Excluding pictures, retype the line with "Hallo, ich begebe" and each line that follows it to the end of the data below, word for word.

• Dataset content:
##########
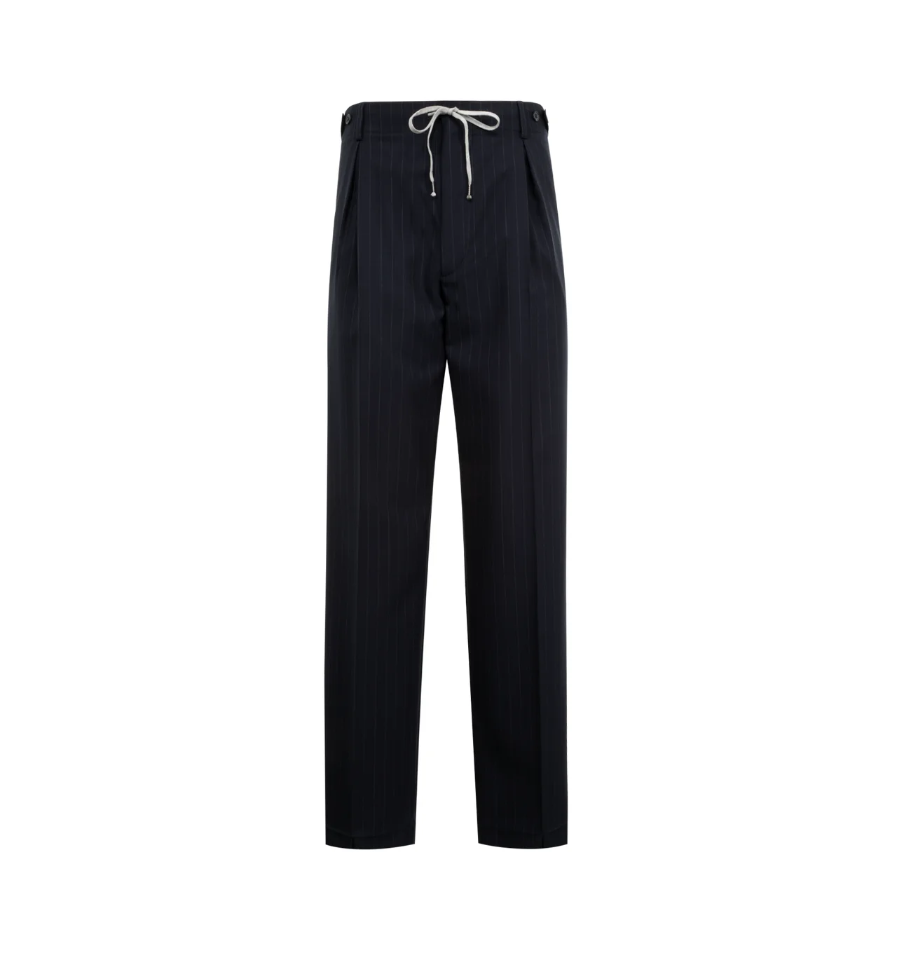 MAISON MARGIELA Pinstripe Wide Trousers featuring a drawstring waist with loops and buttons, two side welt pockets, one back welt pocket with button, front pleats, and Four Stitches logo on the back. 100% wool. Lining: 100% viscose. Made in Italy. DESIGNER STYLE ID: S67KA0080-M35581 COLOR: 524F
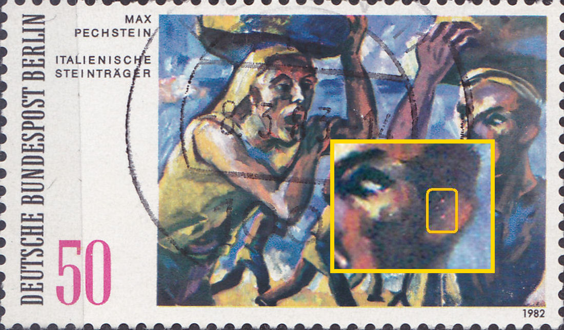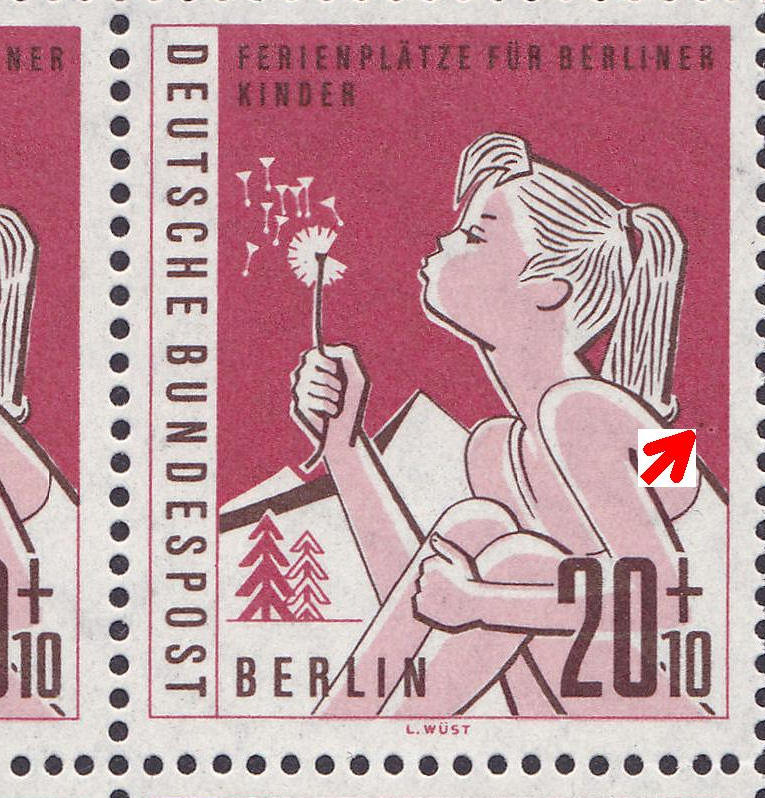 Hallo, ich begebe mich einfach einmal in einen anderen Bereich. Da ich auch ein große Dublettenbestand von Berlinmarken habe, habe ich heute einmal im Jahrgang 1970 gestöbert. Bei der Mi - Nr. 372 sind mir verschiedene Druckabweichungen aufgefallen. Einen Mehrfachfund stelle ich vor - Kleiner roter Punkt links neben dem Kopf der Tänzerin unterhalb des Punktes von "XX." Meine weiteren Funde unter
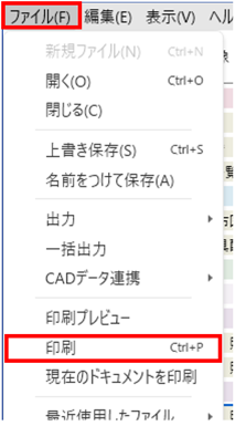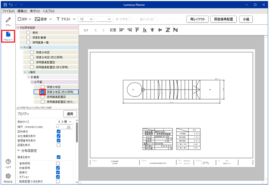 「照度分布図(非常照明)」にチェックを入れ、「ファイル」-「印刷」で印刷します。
##########
• Result of the exercise:
 Hallo, ich begebe mich einfach einmal in einen anderen Bereich. Da ich auch ein große Dublettenbestand von Berlinmarken habe, habe ich heute einmal im Jahrgang 1970 gestöbert. Bei der Mi - Nr. 372 sind mir verschiedene Druckabweichungen aufgefallen. Einen Mehrfachfund stelle ich vor - Kleiner roter Punkt links neben dem Kopf der Tänzerin unterhalb des Punktes von "XX." Meine weiteren Funde unter
 「照度分布図(非常照明)」にチェックを入れ、「ファイル」-「印刷」で印刷します。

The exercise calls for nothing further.